** Opening DATA RECORDS block **

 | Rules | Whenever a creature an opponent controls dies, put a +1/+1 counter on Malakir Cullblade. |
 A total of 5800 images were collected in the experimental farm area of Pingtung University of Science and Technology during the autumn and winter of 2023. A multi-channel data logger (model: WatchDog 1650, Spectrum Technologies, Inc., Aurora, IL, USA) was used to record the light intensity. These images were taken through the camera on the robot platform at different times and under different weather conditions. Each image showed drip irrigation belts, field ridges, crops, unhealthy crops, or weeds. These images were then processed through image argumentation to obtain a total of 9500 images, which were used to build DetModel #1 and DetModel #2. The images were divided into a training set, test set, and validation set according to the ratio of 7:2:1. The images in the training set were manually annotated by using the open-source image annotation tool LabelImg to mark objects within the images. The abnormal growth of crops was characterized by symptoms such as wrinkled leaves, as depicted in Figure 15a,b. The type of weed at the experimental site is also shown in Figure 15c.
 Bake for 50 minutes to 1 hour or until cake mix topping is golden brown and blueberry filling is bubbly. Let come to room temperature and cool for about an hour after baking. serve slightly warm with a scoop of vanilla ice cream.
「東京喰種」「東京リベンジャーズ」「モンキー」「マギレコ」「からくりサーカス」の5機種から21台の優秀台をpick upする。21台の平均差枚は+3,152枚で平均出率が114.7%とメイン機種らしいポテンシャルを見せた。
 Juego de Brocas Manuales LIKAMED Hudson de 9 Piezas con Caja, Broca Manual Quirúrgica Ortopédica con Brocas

** Closing DATA RECORDS block **
** Opening DATA RECORDS block **

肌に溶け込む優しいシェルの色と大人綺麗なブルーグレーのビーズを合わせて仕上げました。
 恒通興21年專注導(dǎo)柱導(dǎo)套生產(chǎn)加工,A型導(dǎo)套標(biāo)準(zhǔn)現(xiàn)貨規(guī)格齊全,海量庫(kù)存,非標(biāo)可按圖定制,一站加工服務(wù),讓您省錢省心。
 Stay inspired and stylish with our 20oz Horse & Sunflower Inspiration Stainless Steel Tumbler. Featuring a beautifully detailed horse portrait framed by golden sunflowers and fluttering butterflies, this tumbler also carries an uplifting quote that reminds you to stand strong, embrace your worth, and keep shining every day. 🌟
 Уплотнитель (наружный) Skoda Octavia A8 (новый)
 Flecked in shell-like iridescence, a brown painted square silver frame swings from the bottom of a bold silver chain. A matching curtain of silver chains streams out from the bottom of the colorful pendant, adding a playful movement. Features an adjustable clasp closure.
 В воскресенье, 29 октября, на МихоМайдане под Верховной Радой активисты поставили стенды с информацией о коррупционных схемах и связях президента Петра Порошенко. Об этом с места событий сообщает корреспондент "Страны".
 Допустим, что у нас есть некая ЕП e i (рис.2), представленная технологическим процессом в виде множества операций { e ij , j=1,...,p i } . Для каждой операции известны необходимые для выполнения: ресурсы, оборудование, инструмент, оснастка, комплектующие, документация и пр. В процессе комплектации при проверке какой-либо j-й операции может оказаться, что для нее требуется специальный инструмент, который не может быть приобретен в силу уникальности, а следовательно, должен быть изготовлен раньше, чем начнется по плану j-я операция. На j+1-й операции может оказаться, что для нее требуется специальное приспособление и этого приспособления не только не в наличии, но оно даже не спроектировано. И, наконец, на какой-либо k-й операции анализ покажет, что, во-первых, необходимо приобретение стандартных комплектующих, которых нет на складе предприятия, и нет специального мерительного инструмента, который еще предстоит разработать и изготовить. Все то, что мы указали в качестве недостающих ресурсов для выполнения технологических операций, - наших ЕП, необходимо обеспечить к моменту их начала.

** Closing DATA RECORDS block **
** Opening DATA RECORDS block **

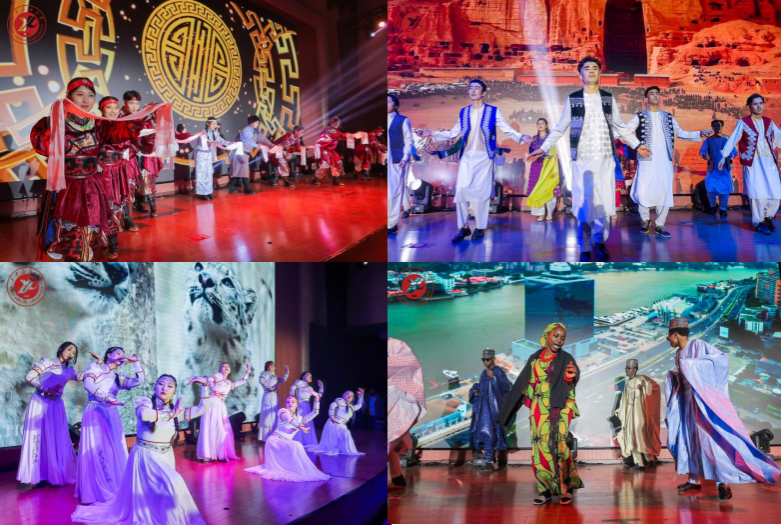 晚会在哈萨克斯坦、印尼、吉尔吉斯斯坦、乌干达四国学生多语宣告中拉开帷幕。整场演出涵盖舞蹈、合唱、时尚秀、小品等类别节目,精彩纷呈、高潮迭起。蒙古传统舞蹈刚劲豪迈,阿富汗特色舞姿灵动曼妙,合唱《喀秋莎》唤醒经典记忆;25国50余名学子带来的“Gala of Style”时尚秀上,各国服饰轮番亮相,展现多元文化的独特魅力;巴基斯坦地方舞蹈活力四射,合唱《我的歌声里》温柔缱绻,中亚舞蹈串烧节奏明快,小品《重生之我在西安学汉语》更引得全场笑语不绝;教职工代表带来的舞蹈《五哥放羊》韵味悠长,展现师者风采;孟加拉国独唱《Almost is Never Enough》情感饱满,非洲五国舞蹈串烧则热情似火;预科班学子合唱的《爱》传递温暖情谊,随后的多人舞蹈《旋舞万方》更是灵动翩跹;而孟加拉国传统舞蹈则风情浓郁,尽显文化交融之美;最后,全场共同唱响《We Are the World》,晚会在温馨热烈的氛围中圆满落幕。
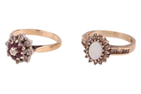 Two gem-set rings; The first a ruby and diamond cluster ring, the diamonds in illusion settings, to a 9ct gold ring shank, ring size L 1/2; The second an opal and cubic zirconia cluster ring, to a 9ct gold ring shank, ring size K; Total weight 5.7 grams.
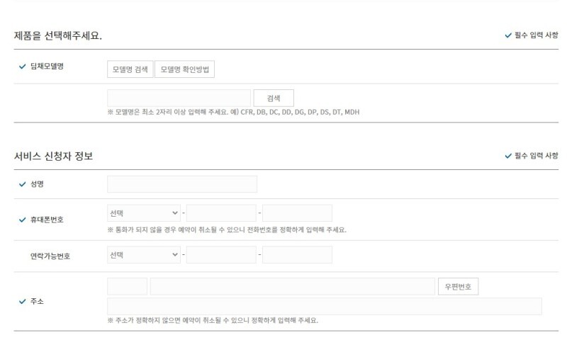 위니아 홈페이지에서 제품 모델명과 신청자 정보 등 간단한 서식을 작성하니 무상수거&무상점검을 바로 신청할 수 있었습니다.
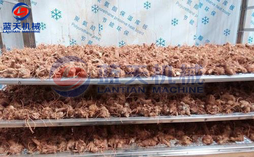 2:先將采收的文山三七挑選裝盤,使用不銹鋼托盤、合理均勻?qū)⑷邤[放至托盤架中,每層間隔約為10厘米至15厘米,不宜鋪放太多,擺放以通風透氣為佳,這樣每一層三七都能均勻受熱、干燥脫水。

** Closing DATA RECORDS block **

Check every line above for the string "golden" and state how many have it, with no other words.

RESULT OF THE TASK -
2